Last week we looked at creating temporary urls to allow API clients to get uploaded files without exposing those files to the public internet (Returning secure files from an API with temporary URLs).

Uploading and returning files is a very common requirement of web applications and so it’s probably very likely that you will need to implement it at some point in your career.

However, testing this functionality isn’t very straight forward.
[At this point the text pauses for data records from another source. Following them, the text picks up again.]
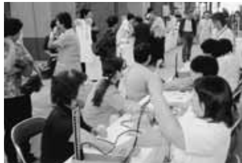
▲行列のできるコーナーもあり、多くの人でにぎわいました。

健康に関心を持ち、健康な身体づくりに役立ててもらおうと、10月13日、男鹿みなと市民病院で「ふれあい祭」が開催されました。血圧や身体年齢などの測定、生活習慣病の食事に関する相談など各種相談コーナーにはたくさんの方が訪れ、医師や看護師からのアドバイスに耳を傾けていました。また、お茶席やバザー、北陽小学校民謡クラブによる民謡の発表、職員有志などによる椿太鼓の演奏なども行われ、入院患者さんをはじめ、訪れた人たちは楽しい時間を過ごしていました。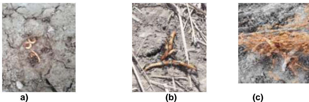
Gambar 2. Uji pemangsaan larva di pematang sawah (a) spesies semut Solenopsis sp , (b) spesies semut Delichoderus sp , (c) spesies semut Oecophylla sp

Berdasarkan data yang dihasilkan pada Tabl 7 terlihat bahwa jumlah waktu yang dibutuhkan oleh semut Oecophylla sp untuk melumpuhkan mangsa larva hidup yaitu 1784 detik sedangkan untuk melumpuhkan larva mati dibutuhkan waktu selama 478 detik. Pada spesies Delichoderus sp membutuhkan waktu selama 1699 detik untuk melumpuhkan larva hidup sedangkan untuk melumpuhkan larva mati dibutuhkan waktu selama 994 detik. Untuk spesies semut Solenopsis sp membutuhkan waktu selama 1090 detik untuk melumpuhkan mangsa hidup dan 788 detik untuk melumpuhkan mangsa mati.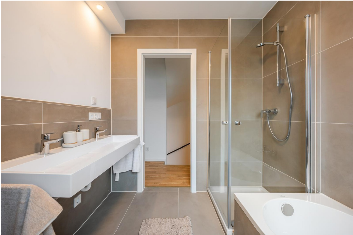
Bad mit Dusche & Badewanne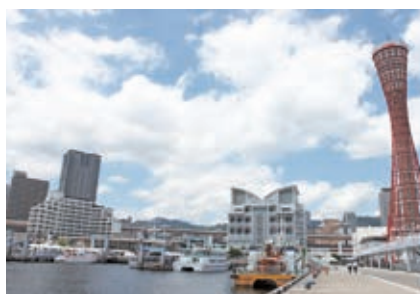
中突堤にずらりと船艇が停泊

神戸港ボート天国は、市民に港や海・船への親しみを深めてもらい、海洋性スポーツの振興と海事思想の普及、さらには海難事故の防止にも寄与することを目的として、平成2年より開催しています。今年も7月15日(月・祝、海の日)、「第18回Kobe Love Port みなとまつり」の一環行事として、メリケンパーク東護岸と中突堤・かもめりあ周辺で開催しました。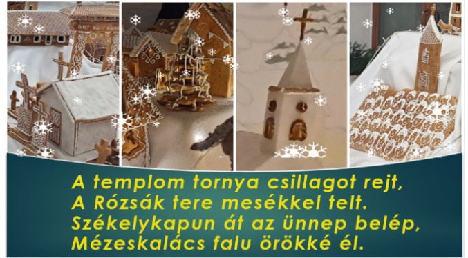
A templom tornya csillagot rejt, A Rózsák tere mesékkel telt. Székelykapun át az ünnep belép, Mézeskalács falu örökké él.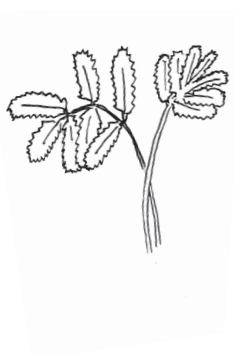
Kvæsur Sanguisorba officinalis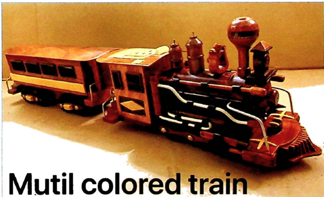
Mutil colored train

Đồ gỗ Thành Nhân chuyên cung cấp các sản phẩm gỗ mỹ nghệ, được làm chủ yếu từ các loại gỗ tự nhiên cao cấp như: gỗ cẩm lai, gỗ lọ nổi, gỗ mật (gỗ gụ), căm xe, cate, giáng hương, gỗ đỏ, và các loại gỗ nu... Trong đó sản phẩm “Xe lửa” của cơ sở Thành Nhân là một sản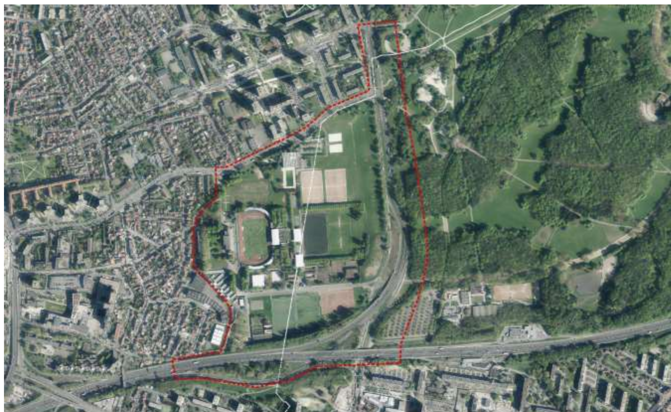
Marville, vue satellite et périmètre de l'OAP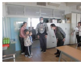
<子供達が活動場所までご案内>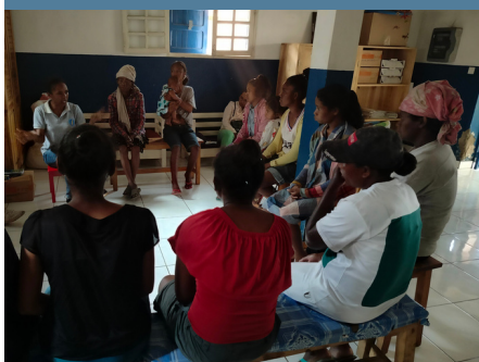
Groupe de parole entre femmes

Depuis mi-2023, KOLOAINA prend en charge l’animation et la coordination des activités au sein du centre, en plus de ses missions sociales habituelles.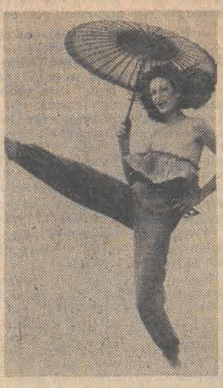
Radość tej pani gdzieś na południowych plażach jest zrozumiała — stołce i woda. Gdyby tak u nas trochę cieplej...

11.40 Tu radio kierowców. 12.05 Z kraju i ze świata. 12.25 Muzyka polskiej melodii. 12.45 Rolniczy kwadrans. 13.00 Komunikat energetyczny. 13.01 Przeboje na wakacje. 13.20 Komunikaty. 13.25 Gato Barbieri i jego muzyka. 13.40 Kącik melomana. 14.00 Studio „Gama” — wydanie kolobrozeskie. 14.20 Studio Relaks. 14.25 Studio „Gama”. 15.00 Wład. 15.05 Korespondencja z zagranicy. 15.10 Studio „Gama”. 15.20 Tu Jedynka. 17.30 Radiokurjer. 18.00 Tu Jedynka. 18.20 Komunikaty. 18.25 Nie tylko dla kierowców. 18.33 Kiermasz polskiej piosenki. 19.00 Dziennik wieczorny. 19.15 Przeboje sprzed lat. 19.40 Laureat Festiwalu Kapeli i Splewaków Ludowych. — Kazimierz 80. 20.00 Wład. i inf. dla kierowców. 20.05 Śladem naszych interwencji. 20.10 Orkiestra w repertuarze popularnym. 20.40 Mistrzowie nastroju. 21.00 Wład. 21.05 Kłanika sportowcy. 21.15 Komunikaty Totalizatora Sportowego. 21.20 Koncert Chopinowski — Zwycięzcy Konkursów Chopinowskich w W-wie — Halina-Czerna-Stefańska. 22.00 Z kraju i ze świata. 22.20 Tu radio kierowców. 22.23 Magazyn Kulturalny Programu I. 22.50 Koncert amatorów — Kołobrzeg 80. 0.01 Wład.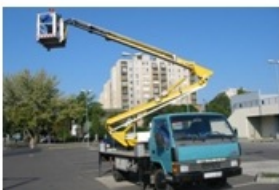
4 hidraulikus szerelőkosaras gépjármű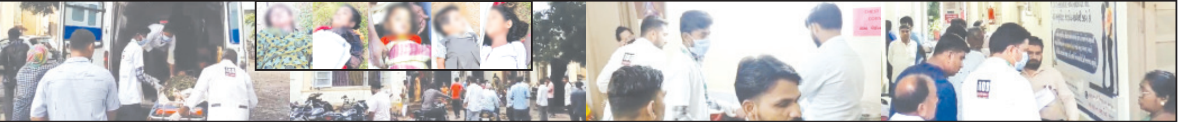
અમરેલી, તા. ૧૯ | કેટલાંક દિવસોથી વરસાદ અને વીજળીએ વધુ સેંદ્ર સ્વરૂપ ધારણ કર્યું હોય. ત્યારે વીજળી પાડવાના કારણે જનમાલનું મોટું નુકસાન થાય છે. ત્યારે આજે સાંજના સમયે વરસાદ સાથે વીજળી પડવાની ગંભીર ઘટના લાઠી તાલુકાના આંબરડી ખાતે ઘટી હતી. જેમાં વીજળી પડવાથી ત્રણ બાળકો સહિત ૫ વ્યક્તિના ઘટના સ્થળે જ મોત થયા હતાં. જ્યારે આ બનાવમાં ૩ વ્યક્તિને ગંભીર ઈજાઓ થતા તાત્કાલિક સારવાર માટે ઢસા ખાતે સારવારમાં ખસેવામાં આવ્યા હતા. અનુસંધાન પાના ૬ ઉપર

વહીવટીતંત્ર અને પદાધિકારીઓ ઘટના સ્થળે દોડી જઈ શ્રમિક પરિવારને મદદ કરી હિંમત અને હુંફ આપ્યા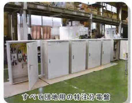
すべて団地用の特注分電盤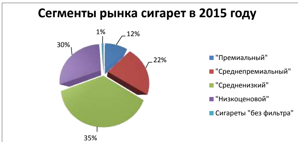
Рис. 2. Сегменты рынка сигарет в 2015 г.

В настоящее время табачный рынок РФ представлен широким спектром табачных изделий от сигарет «без фильтра» до элитных сигарет с фильтром. Спрос покупателей на «премиальные» сигареты упал на 0,5%, на «среднепремиальные» упал на 0,3%, а на «средненизкий» повысился на 1% и на «низкоценовой» повысился на 0,1%. Это говорит о том, что потребители из-за повышения цен на табачные изделия переходят от более дорогих марок сигарет к более дешевым.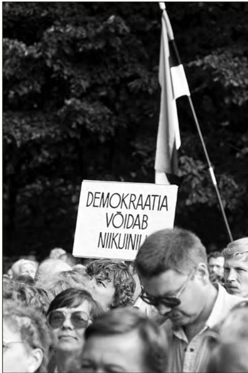
Rahvarinde korraldatud miitingul augustiputši ajal nõuti Eesti iseseisvuse väljakuulutamist. 19.08.1991.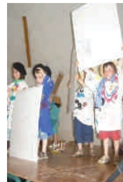
Vive la Fête de l'école !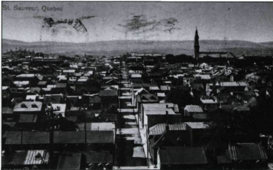
Vue du quartier Saint-Sauveur en basse-ville de Québec, vers 1911. Carte postale. (Coll. Yves Beauregard).

deux premiers baisers à des adolescentes de jadis.

Uploading and returning a file is quite different to just sending a POST request with a body and asserting the correct JSON payload was returned.

In today’s tutorial we will be looking at writing integration tests for uploading files and returning responses.

Configuring Laravel

We pretty much have everything we need out of the box in Laravel to make this easy, but there are a couple of things I like to set up to make things easier.

First I will set the default storage system to be an environment variable under filesystems.php:

'default' => env('FILESYSTEM_DEFAULT', 'local')

Locally I’m just going to use the local filesystem, but in development and production I will want to use S3.

Laravel’s filesystem abstraction means we don’t need to mess about with crazy mocks, so this will make things a lot easier.

Secondly I like to create a new directory under storage called testing. In this directory I will keep a copy of a few different file types that will likely be uploaded to the application, for example, a couple of different image formats, pdfs, Word documents, Excel spreadsheets etc.